As we will see, there are very clear parallels between the pagan worship of the city and the Balaamite heresy so prevalent in the church.
Third: political power. This was the official center in Asia Minor for the imperial cult. In 29 BC Emperor Augustus gave permission for a temple to be erected in Pergamum to “the divine Augustus and the goddess Roma” (Tacitus, Annals 3.37). This was the first temple in all of Asia built to the worship of a living ruler. Soon the people added a second and third temple as well.
The ruins of the temple of Trajan are still visible today, a reminder of the idolatry of the city and its constant pressure on the Christian church.
Faithful but flawed
As his letter to the Pergamum Christians begins, Jesus speaks a word of hearty commendation: “you remain true to my name” (v. 13). The Greek says, “You are holding onto my name”–“holding” means to grasp tightly onto a treasured possession. Jesus’ “name” denotes his character or person. These Christians are honoring the third commandment in a city which breaks it daily.
Then Jesus describes their courage in another way: “You did not deny my faith.” They have held his name by refusing to deny their faith.
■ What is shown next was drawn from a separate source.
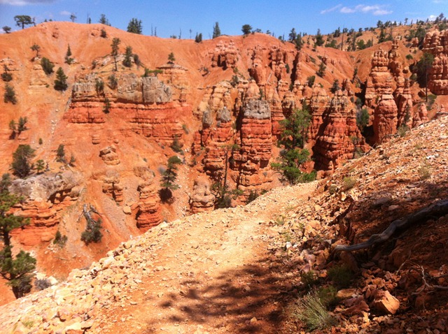 After dropping Scott off at the Thunder Mountain Trail I took the kids up to the paved trail. I thought it might be wise to jog rather than ride my bike. Cody cried one and a half minutes into the ride. I pushed us ten minutes one way and then had us turn around. Brooke was Miss Speedy on the way out, but on the way back she turned into a snail. I was pushing Cody as I jogged the way out and back, but literally one minute after Brooke called Cody “cry baby” on the way back, Brooke was crying. So I pushed one kid and then the other and sometimes both at the same time. It was only a twenty-five minute jog, but I had the added bonus of pushing the kids and running full speed to catch up on the down hills. I know where we live in Illinois is flat, but it takes just a short jog on a “flat” trail out West to remind us that you really can’t understand flat until you come to Illinois.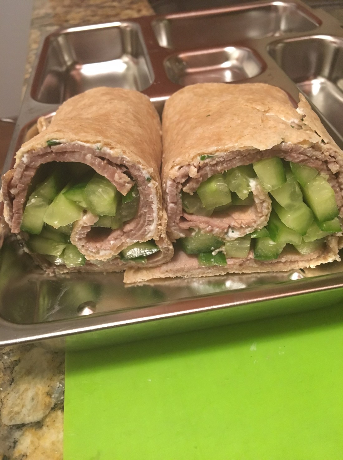 Spread 1-2 soup spoons of light cream cheese on a whole wheat tortilla (not sure how big your tortilla is). Sprinkle chopped chives over the cream cheese. Top the spread with slices of roast beef. Add julienned cucumber for crunch and roll the whole thing up.

And this refusal has come at great cost: “even in the days of Antipas, my faithful witness, who was put to death in your city–where Satan lives.”
Antipas is the only person named specifically in any of Jesus’ seven letters to his churches. His name means “against all,” a reputation he fulfilled to the death. He refused to bow the knee to Caesar or proclaim him lord, and paid the price of faithfulness with his life. Every Christian in Pergamum could expect the same consequences for keeping the faith.
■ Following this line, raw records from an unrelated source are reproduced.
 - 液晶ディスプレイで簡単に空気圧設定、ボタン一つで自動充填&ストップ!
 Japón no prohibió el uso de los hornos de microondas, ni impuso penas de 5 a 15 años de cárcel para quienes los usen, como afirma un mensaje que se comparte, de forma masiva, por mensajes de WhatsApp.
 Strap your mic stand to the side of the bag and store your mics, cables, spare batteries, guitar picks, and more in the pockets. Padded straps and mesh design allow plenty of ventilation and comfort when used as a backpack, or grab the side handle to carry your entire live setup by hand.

Satan cannot defeat the church by a frontal assault, so he attempts an insidious strategy: idolatry, then heresy. First he uses idolatry: “You have people there who hold to the teaching of Balaam, who taught Balak to entice the Israelites to sin by eating food sacrificed to idols and by committing sexual immorality” (v. 14).
Here’s the story in brief. Balak, the king of Moab, tried to entice Balaam the Hebrew prophet to curse Israel, but Balaam refused. However, he did even worse. He arranged a plan whereby the daughters of the Moabites seduced the men of Israel. Then these men led the Israelites to sacrifice to the pagan god of Moab and worship him (Numbers 22-25). From then to now, Balaam stands for the deception of idolatry.
And so Satan attempts a successful, strong church in the same way, enticing us to worship things or people other than God.
Second, Satan employs heresy: “Likewise you also have those who hold to the teaching of the Nicolaitans” (v. 15). We met this heretical group in Ephesus. Apparently they practiced a kind of Gnosticism, an early heresy which taught in part that physical actions do not bear on our spiritual lives.
In the letter to Ephesus we learned that Jesus “hates” this heresy. Unfortunately, the Christians in Pergamum did not.